Na sentença, o tribunal afirmou que a forças municipais não têm poder de realizar esse tipo de atuação. O texto afirma que a Constituição Federal, que serve de base para todas as leis do país, não dá às guardas poder de exercer funções privativas das polícias civil e militar. O papel das GCMs, afirma a decisão, é proteger bens, serviços e instalações do município.

Baseada nesses princípios, a corte atendeu pedido da defesa e anulou a condenação de um homem por tráfico de drogas cujas provas foram colhidas durante revista pela guarda local durante patrulhamento rotineiro.

A sentença destaca ainda que os municípios têm ultrapassado os limites da ação de suas guardas, montando grupos especiais de agentes e armando seus contingentes com armamentos que extrapolam suas funções, como fuzis e até metralhadoras.

É o que acontece em Barueri, por exemplo. A unidade conhecida como Guardiã Maria da Penha atua como força policial, criada para proteger as vítimas de violência doméstica por meio de visitas domiciliares regulares às casas ou trabalho das mulheres sob risco e também para monitoramento de eventuais agressores. Além disso, há unidades como a Romu, que seriam o equivalente às forças especiais da polícia militar.

Outro ponto apontado pelos ministros diz respeito à fiscalização. Eles lembram que as polícias estão submetidas ao controle do Ministério Público e do Judiciário, enquanto as GCMs respondem exclusivamente ao prefeitos, que não estão preparados nem têm poder legal para isso, e a órgãos internos.

A medida do STJ, no entanto, causou mais confusão do que esclarecimento. Primeiramente, ela não tem força de lei e refere-se a um processo específico. Mas pode servir como jurisprudência para a defesa de inúmeros acusados de crimes cujas provas foram obtidas por GCMs.
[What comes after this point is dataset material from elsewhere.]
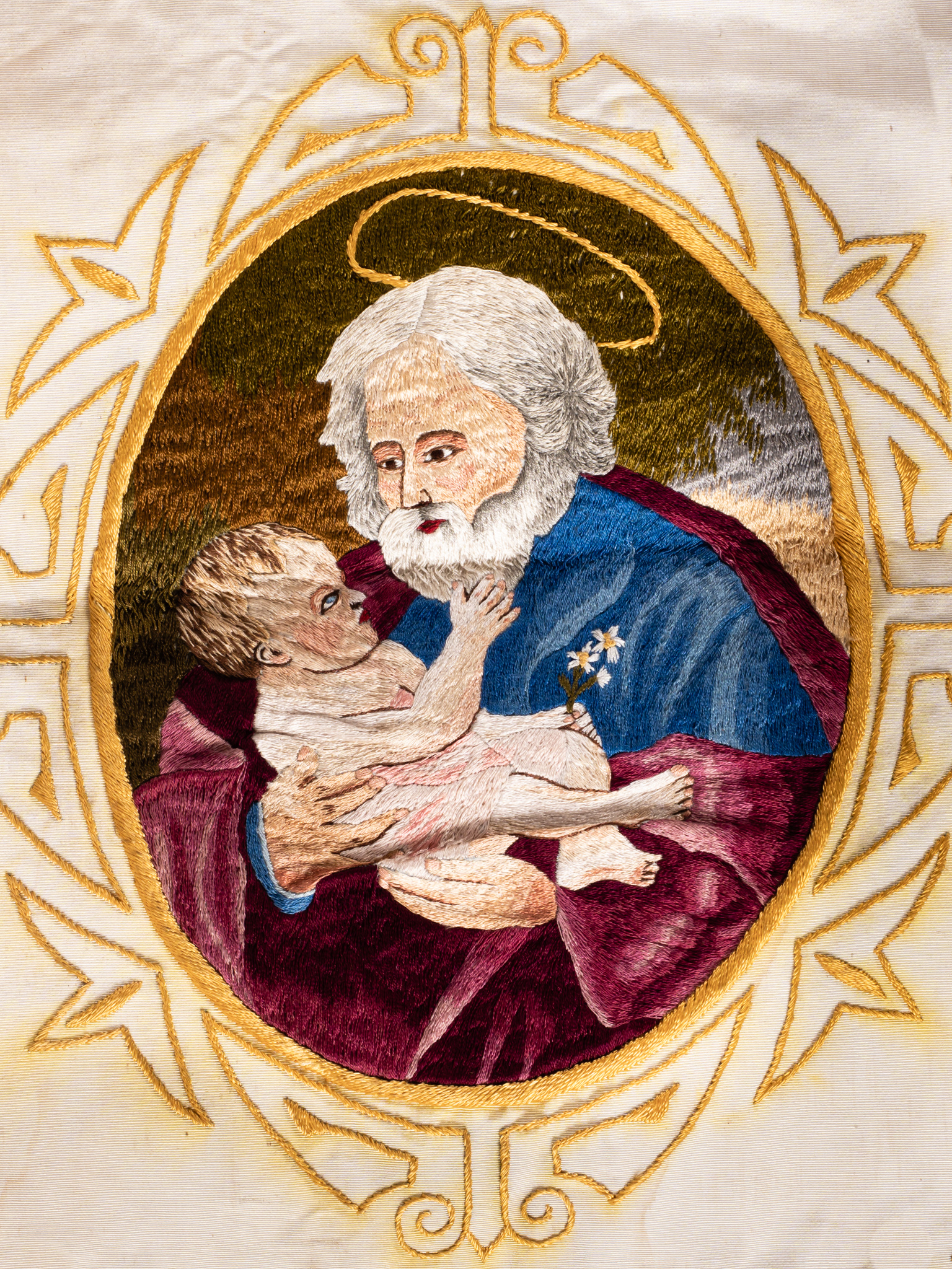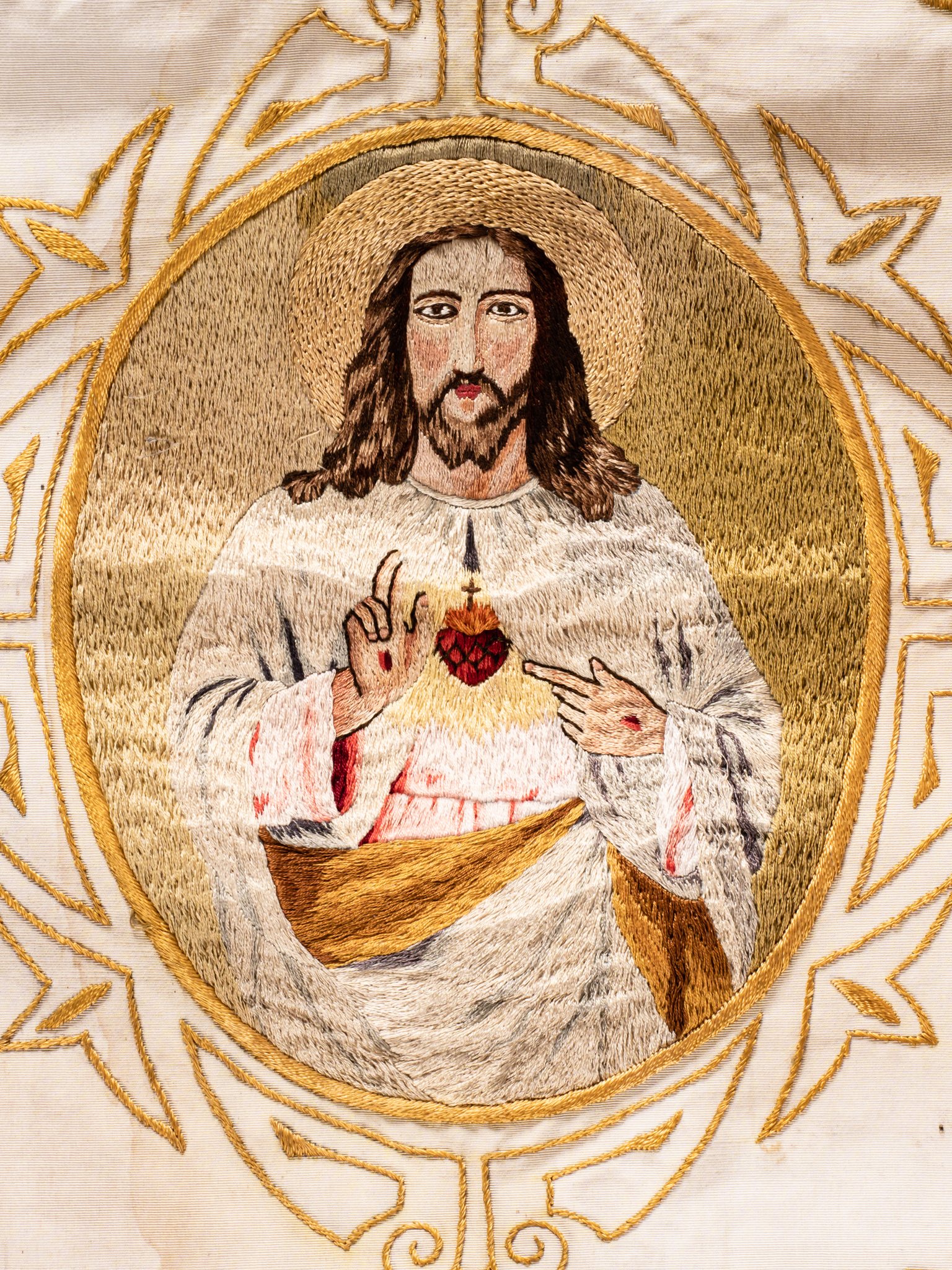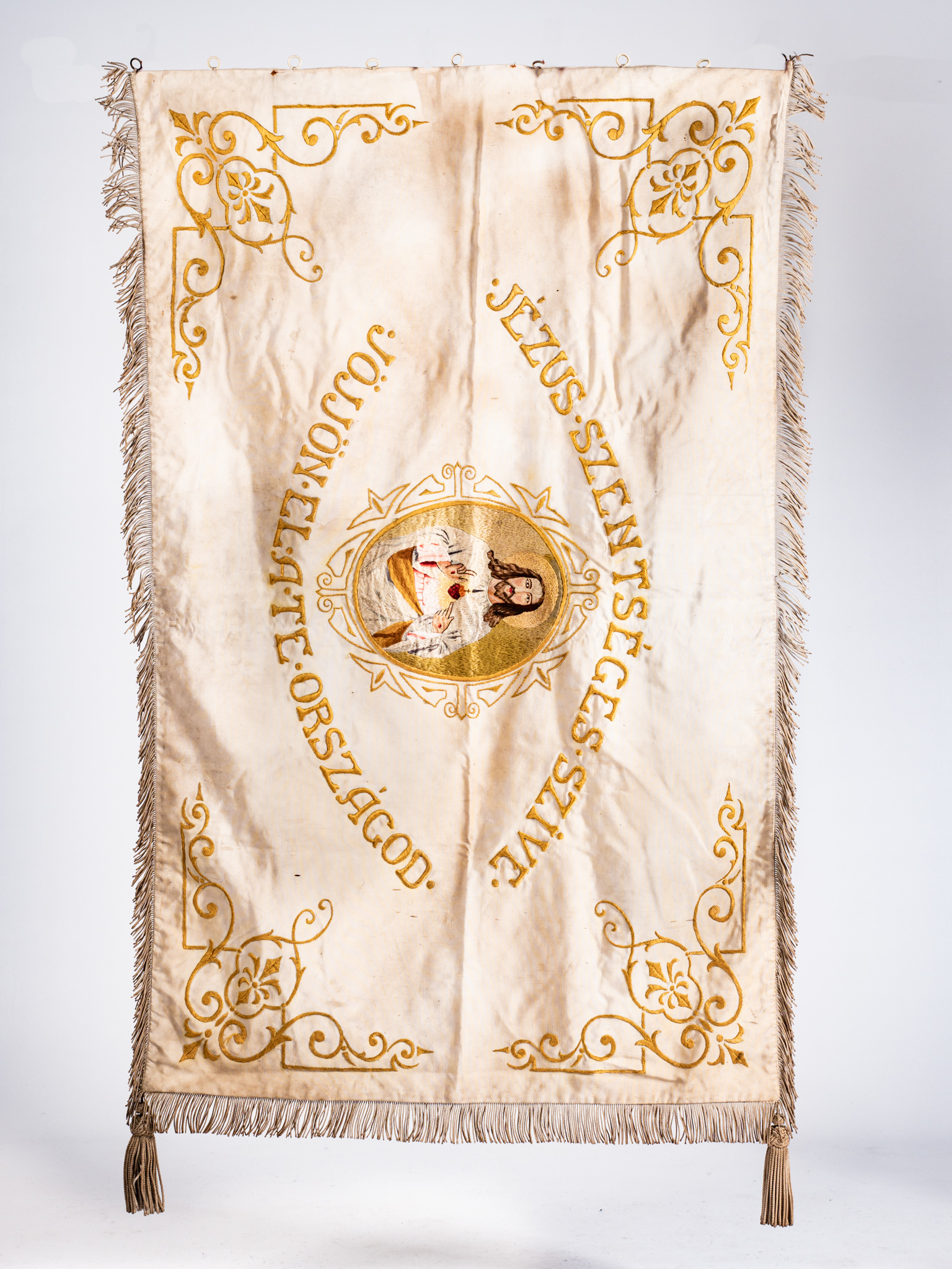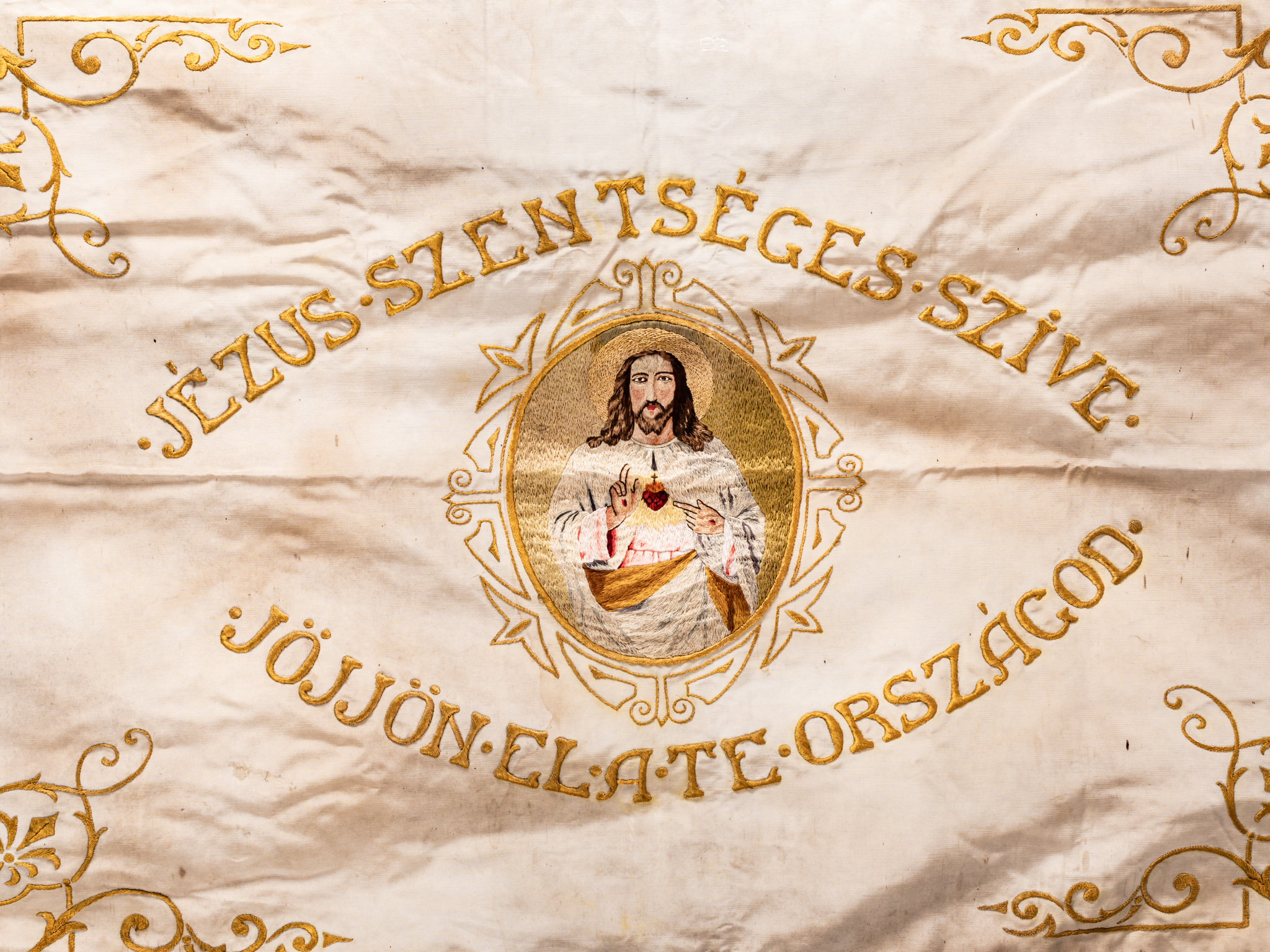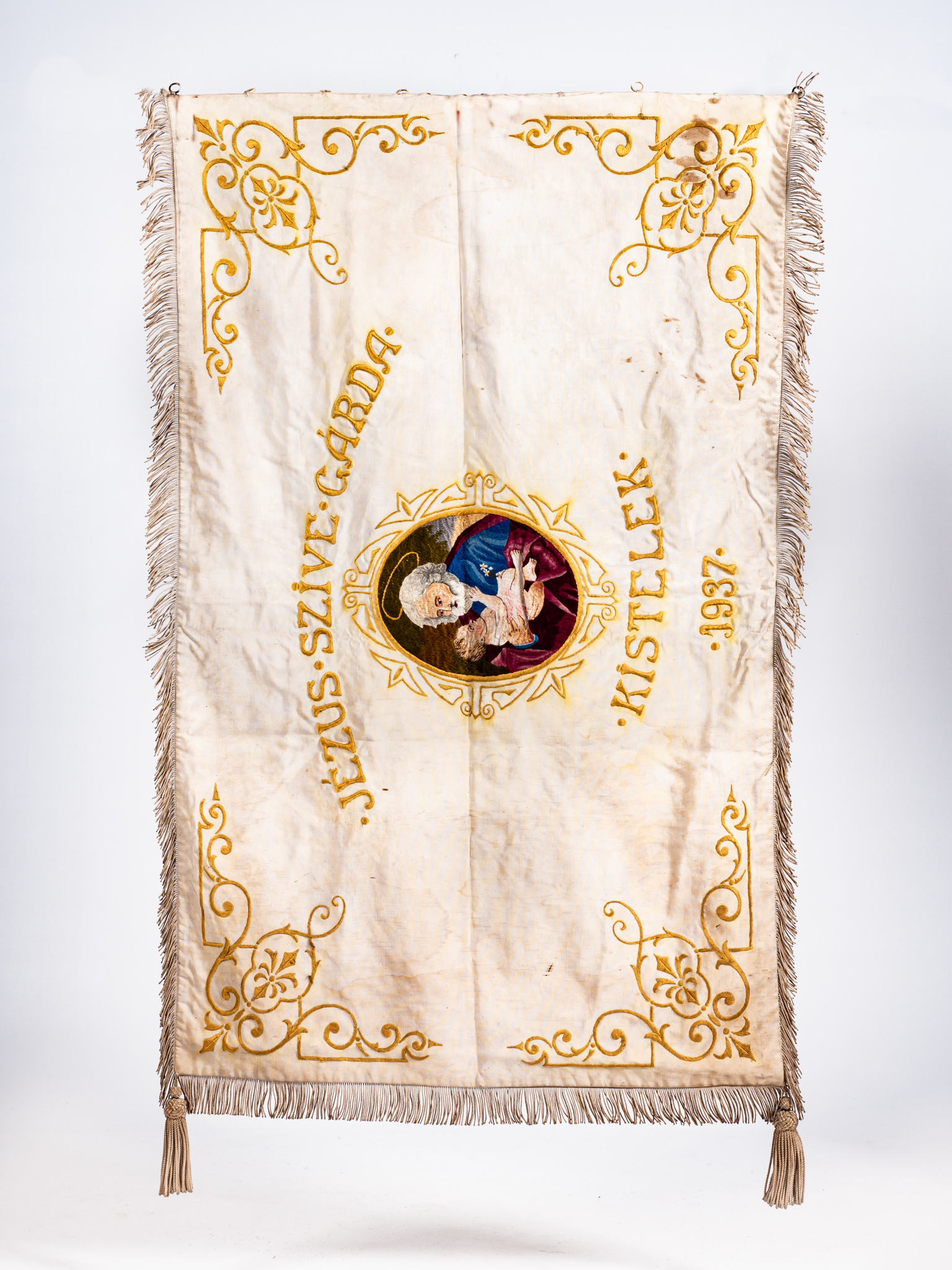 Fehér selyem alapon tűfestéssel díszített, rojtos, két bojttal ellátott vallásos társulati lobogó, felirattal. Egyik oldalon: Jézus Szíve Gárda Kistelek 1937. szöveg , gyermek Jézust ábrázoló tűfestéssel készült képpel. Másik oldalon: Jézus.Szentséges. Szive. JÖJJÖN. EL. A.TE.ORSZÁGOD felirattal, szívére mutató felnőtt Jézust ábrázoló tűfestéssel készült képpel.
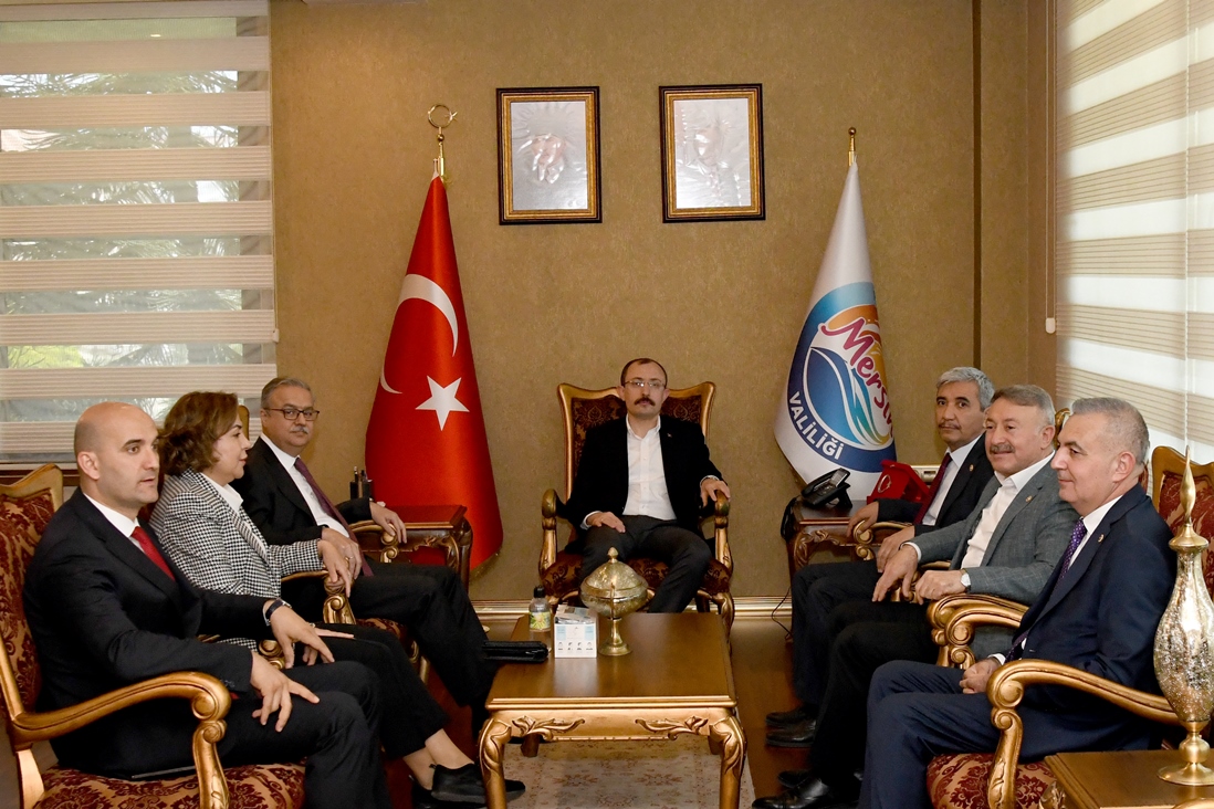 Temas ve incelemelerde bulunmak üzere Mersin’e gelen Ticaret Bakanı Dr. Mehmet Muş, beraberindeki heyet ile birlikte Vali Ali İhsan Su’yu makamında ziyaret etti.

Baseados na sentença, muitos condenados vão pedir a anulação de seus julgamentos, se foram baseados em provas obtidas pelas GCMs.

Estudiosos de segurança, porém, afirmam que nada muda com a decisão. Eles argumentam que o debate sobre o papel das guardas municipais já ultrapassou esse ponto, e que leis foram criadas depois da Constituição de 1988 e vêm sendo aplicadas em todo o país. Um exemplo é o Sistema Único de Segurança Pública (Susp), criado em 2018 e que inclui as forças municipais no sistema nacional de segurança.

Os especialistas afirmam ainda que já há outras decisões judiciais, inclusive do STJ, que reconhecem o papel das guardas no conjunto de organismos responsáveis pela segurança pública. Mas admitem que a decisão da corte pode estimular o pedido da anulação de processos e julgamentos de acusados da prática de crimes cujas provas tenham sido obtidas pelas forças municipais.